Visualization of common machine learning regression algorithms on San Francisco AirBnB listing data.
See the application hosted here. For comparison, here is the original version of the web application.
This web application was built almost completely in Python, using Dash, a Python framework for building analytical web applications atop React and Flask. Dash plays particular well with plotly, which was used to create the live visualizations.
The data was imported and analyzed using pandas, while the regression models were built with scikit-learn, a common Python machine learning library. Specifically, the application showcases the polynomial regression, k-nearest neighbors and support vector machine regression (SVR) models available in scikit-learn.
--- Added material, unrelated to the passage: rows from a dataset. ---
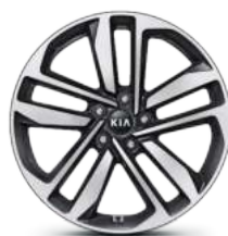
19" Alloy wheel (EX)
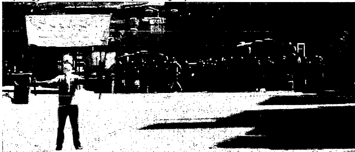
A protester faces riot police at Khalidia, near Homs

Preparing for civil war may be the only remaining way to avert it
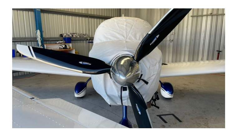
Sling TSI Extended Canopy/Engine Cover
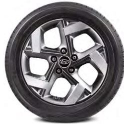
205/55R17 Tire & 17-inch Alloy Wheels
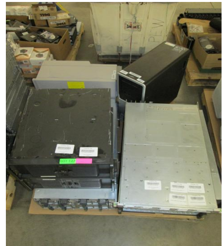
LOT 127 _____

To install and run this web application locally, following the steps below
after downloading the repository. First, we need to ensure the correct
dependencies are installed, which are listed in production/requirements.txt
.
This can be done from the terminal with the following command.
pip install -r production/requirements.txt
After installing the appropriate dependencies, navigate to the app folder and
start the server by simply running app.py
. Now the application should be
running locally: visit http://localhost:8050/
to see it.
cd app
python app.py
The the original version of the web application was initially built for the CapitalOne Software Engineering summit. As part of the challenge, we were required to build a web application which explored the following questions.
- Graph some (any 3) interesting metrics, maps, or trends from the dataset.
- Given the geo-location (latitude and longitude) of a new property, estimate the weekly average income the homeowner can make with Airbnb.
- Given the geo-location (latitude and longitude) of a property, what is the ideal price per night that will yield maximum bookings or revenue?
After taking a machine learning class, I decided that the data would be perfect for visualizing various machine learning regression algorithms since a 3D plot had a clear interpretation: it represents a price map over San Francisco.